It’s a day of interesting pairs…
First pair: this is the second time the tune Hasidim has been paired with words by Carl Seaburg.
Second pair: this is frankly an interesting pair, putting a Christmas lyric to a Hasidic tune – which happened in When the Daffodils Arrive too. I’m not entirely certain the Hasidic Jews from Europe would be open to the theological implications… but in some ways it works perfectly. Melodically, it has a touch of celebration and a touch of mystery – which our lyric also contains. Theologically, there’s something about a Jewish song celebrating a Jewish boy’s birth; and while we know this birth is different, the lyrics never proclaim the Messiah or Christ – simply a treasure of faith and a measure of love.

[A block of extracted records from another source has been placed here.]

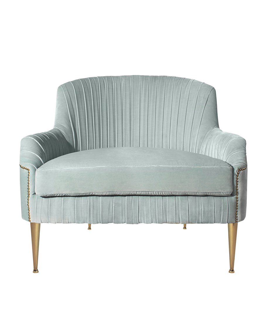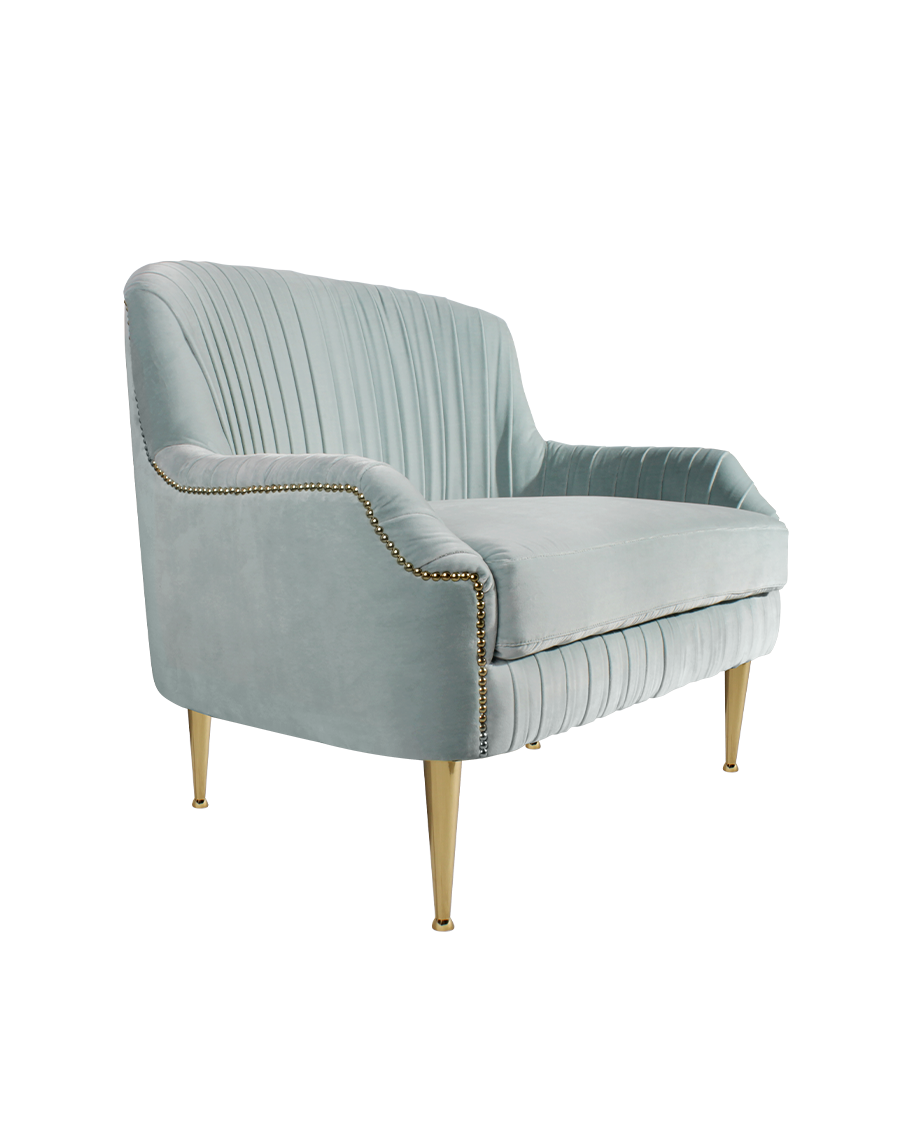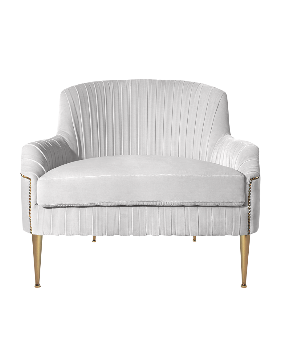 Inspirada na elegância atemporal da era dourada de Hollywood, a Poltrona Greta é uma peça que exala sofisticação e feminilidade. Com linhas curvas e delicadas, esta poltrona apresenta um estofamento em veludo suave, enriquecido com detalhes de pregas verticais no encosto e base, além de acabamento com tachas metálicas douradas que realçam sua silhueta clássica. As pernas metálicas douradas cônicas reforçam a estética refinada, tornando-a ideal para salas de estar, quartos e ambientes de luxo.
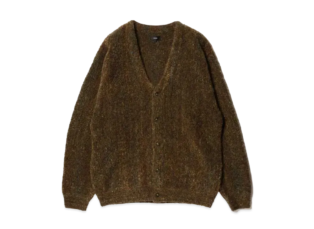 BEAMS 5 Gauge Boucle Striped Cardigan "Brown"
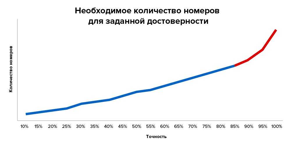 На графике ниже приведена зависимость достоверности определения источника от количества зарезервированных номеров. Само количество номеров зависит от количества пользователей, но мы хотим показать, как резко возрастает количество необходимых номеров при требуемой точности выше 90% (отмечено красной линией). Как следствие, резко возрастет и стоимость. В большинстве случаях точности в 80-90% вполне хватает, чтобы эффективно оценивать работу рекламных кампаний, поэтому нет никакого смысла переплачивать за увеличение точности.

In the gentle of the moon, in the garnet of a star,
feel the presence of a hope where the crowding shepherds are.
Soon the apple tree will bud, and the crimson fruit will fall;
but within the stable shed there’s no thought of that at all.
Touch the treasure of a faith that the mythic Easterns hear.
See the measure of a love come candescent down the air.
Third pair: It’s one of those damn near-rhymes that gets me in singing every time. Look – near rhymes in read or spoken poetry is fine. But in sung poetry, near rhymes are almost more annoying than no rhyme at all. And I’m sorry – while “hear” and “air” are perfectly fine near rhymes on the page, it annoys the crap out of me when sung. I know that some of you will point out beloved songs of mine that also have near rhyme. Fine. This one just really gets me.
Anyway… two cool pairs, one annoying pair… but all in all, a beautiful hymn. The lyrics are gorgeous, the tune is beautiful, and the mystery is present.
Note: there appears to be some sort of problem posting images this morning. I’ll get one up when it stops being obstinate.
One response to “STLT#234, In the Gentle of the Moon”
A couple in our congregation gave a party every December where people sang through a whole slew of Christmas carols from many lands. It was the same party every year, with the same songs (many unfamiliar) and the same guests — actually a beloved event, because predictable and familiar. (E.g. when it was time to sing “The Twelve Days of Christmas,” out came the decorative dishtowel with the lyrics printed on it, and the host chose individuals to sing each verse.)
I was reminded of a carol about the birth of Jesus, where it was mentioned that in the spring the apple trees would bloom and there would be a great tragedy — a foreshadowing of the crucifixion in the midst of joy. This hymn reminded me of that song — “and the crimson fruit will fall…”.
And why is it that after sixteen years in parish ministry, planning sixteen Christmas Eve services, so many of these songs are unfamiliar to me? I’m so glad you are doing this, Kimberley!